Prepare a square 8x8" or 9x9" baking pan by lining the bottom and sides with parchment paper. Spray with canola oil.
Mix the Tahini thoroughly before measuring. It separates easily and the thicker part at the bottom needs to be mixed in before pouring to measure.
Bring 1 c of water to a boil.
At the same time, start the Tahini on low in a sauce pan. Stir in the vanilla. Continue to heat, while occasionally stirring, until it reaches about 50°C (120°F). Do not heat it up too quickly or go over temp, because it will scorch. Remove from heat when it reaches temperature.
Once the water is boiling, pour it over the sugar in a larger pan and stir until dissolved.
Over high heat, bring the sugar water to a boil until it reaches 121°C (not over 250°F). Use a candy thermometer.

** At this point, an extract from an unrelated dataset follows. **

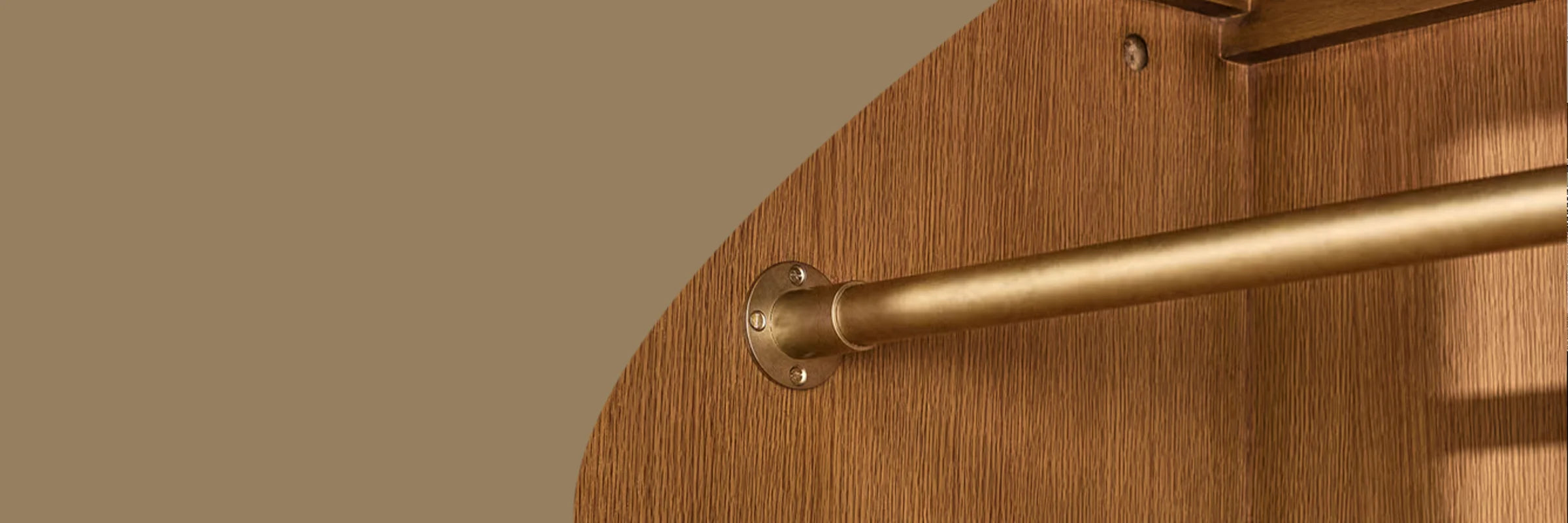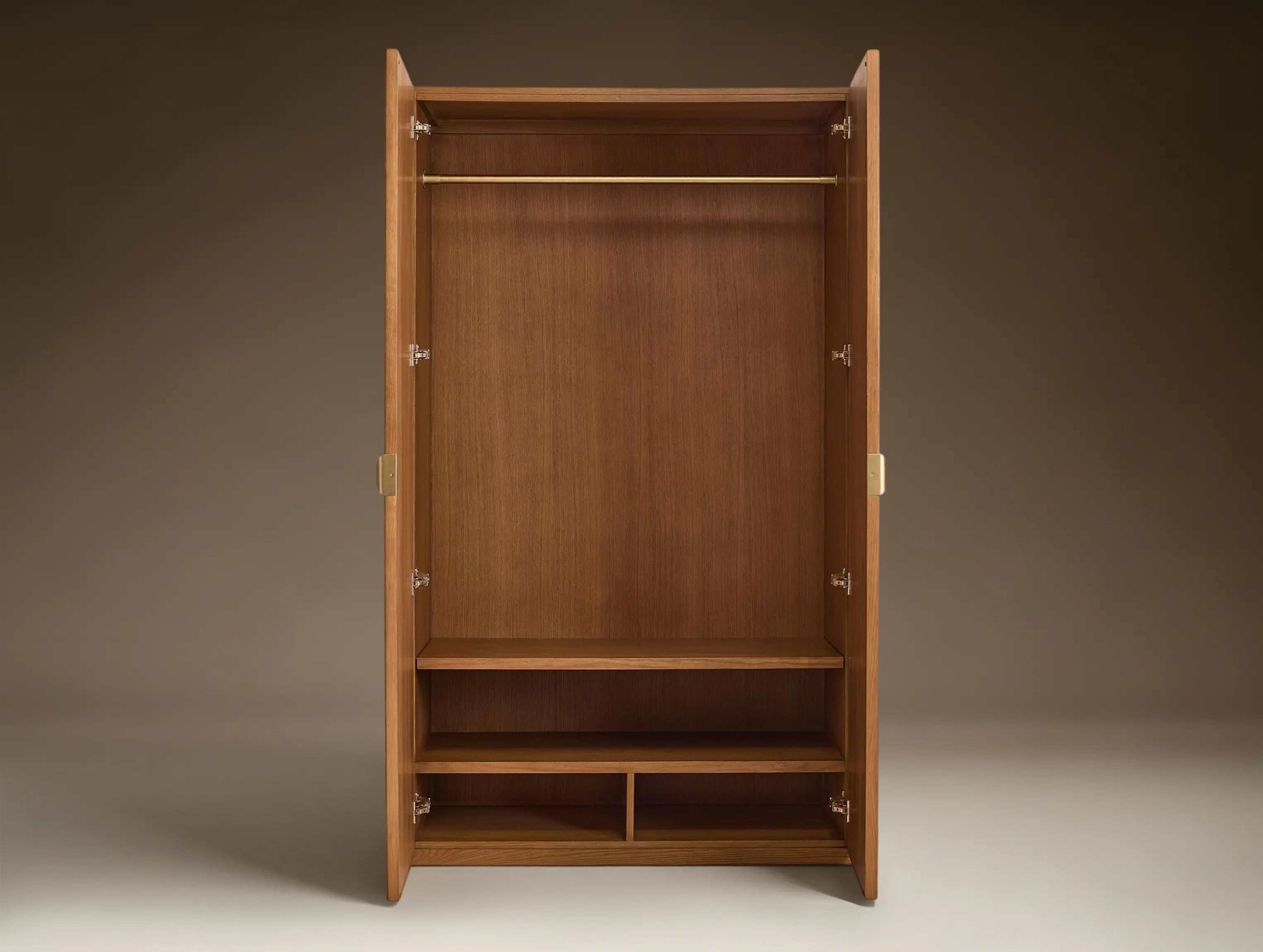 Inspired by Soho House Rome, this double wardrobe is crafted from oak with rigid carved detailing and antique brass-finished handles. Inside, it features a fixed bottom shelf, a removable shelf, and a hanging rail for versatile storage. Levelers on the feet ensure stability on uneven floors, combining timeless style with practical functionality.

As you're waiting for the sugar water to get to temp, the tahini should reach the proper temperature.
Pour it into the bowl of a stand mixer with the mixing paddle attached.

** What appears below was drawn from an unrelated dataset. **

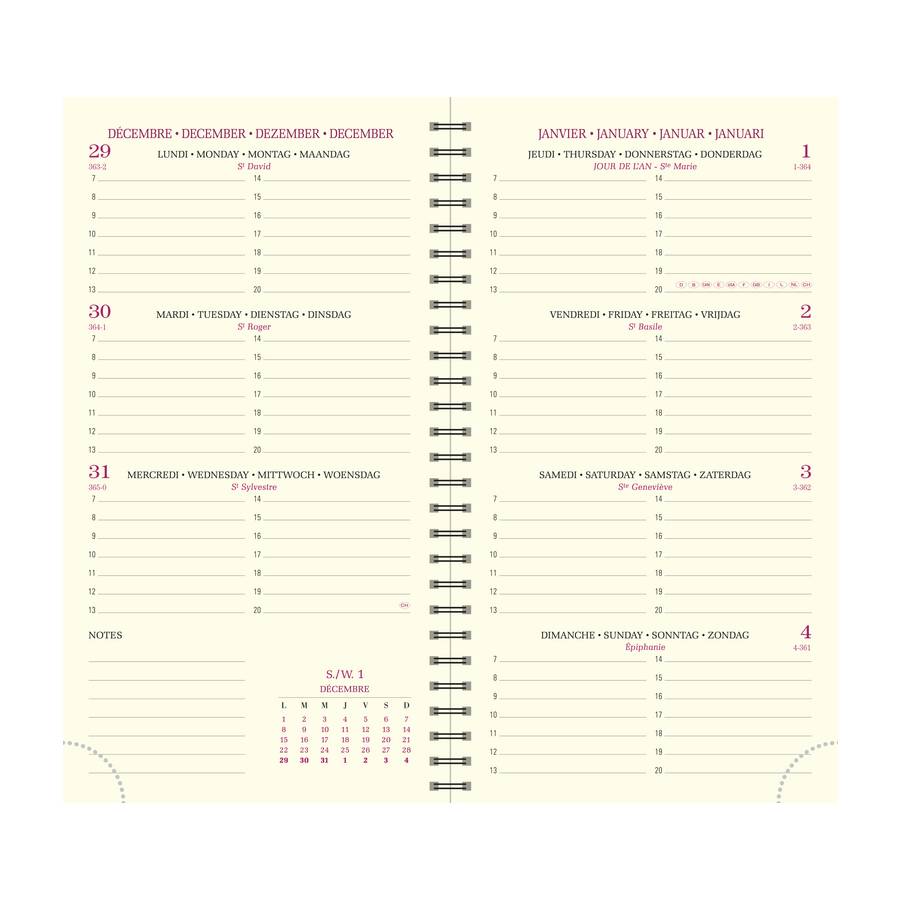 Un grain Croco pour une gamme toute en couleur ! Semaine horizontale sur 2 pages. Rendez-vous par heure de 7h à 20h sur 7 jours. Multilingue. Coins marque-pages détachables. Couleur(s) : Couleurs assorties Couleur Papier : ivoire Nombre de couleurs assorties : 4 Gamme : Baby croco Grille : Eurotime Mise en page : Semainier Reliure : Spiralé plastique Tranche : naturelle Porte-Crayon : Non Langue : Multilingue Matière : Synthétique Format extérieur : 9x16

When the sugar water reaches the proper temp, immediately turn the heat off, and start the stand mixer on low while pouring in the sugar water until combined. Be careful it is scorching hot!
Bump the speed up to 3 and watch carefully as it mixes. It won't take longer than about 30 seconds to get to the proper consistency. When you see the mixture starting to pull away from the side of the bowl, stop mixing immediately, and pour the mixture into your prepared pan.

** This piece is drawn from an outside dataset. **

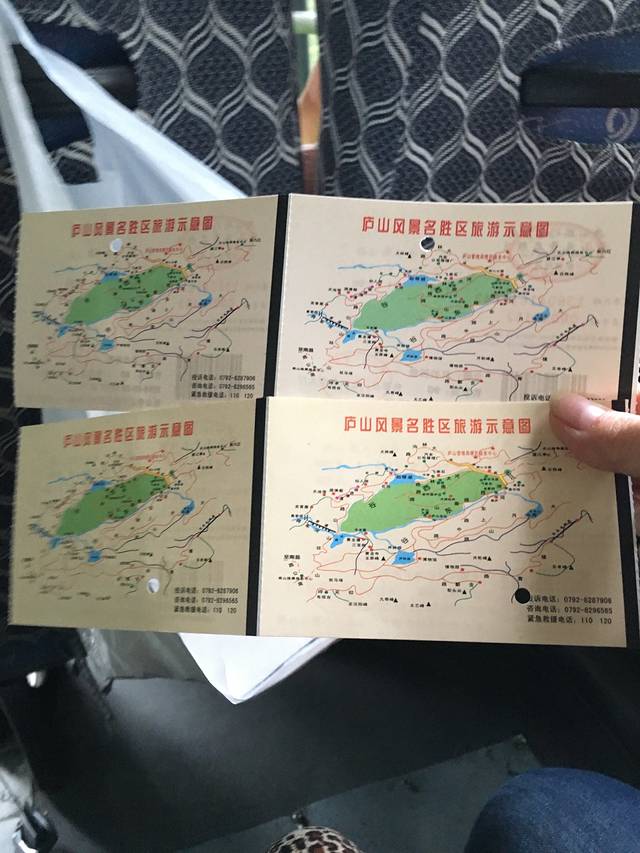 大巴开到山上北门游客换乘中心时,乘客都下车,买进庐山的大门票,司机把车开到二楼,等候乘客购完票后再上车坐回原座位,10分钟时间购票,我在网上买好了两张成人票,因为有优惠,正价旺季180元,然后在9号窗口兑换好了,再去其他窗口凭学生证和小孩身份证或户口簿买了学生票,半价90元

It will begin to stiffen as you are pouring it into the pan, so be quick about scraping the remains out of the bowl. With a flat scraper or back of a wide wooden spoon, press the mixture into a level layer.
Let cool for about a half an hour at room temp, then remove solidified piece from pan and cut into 36 pieces (6 rows and 6 columns).
Wrap the Halva up in an airtight container or plastic wrap, and keep in fridge. It will last for months as long as it's sealed, but I'm sure it will be long gone by then. Enjoy!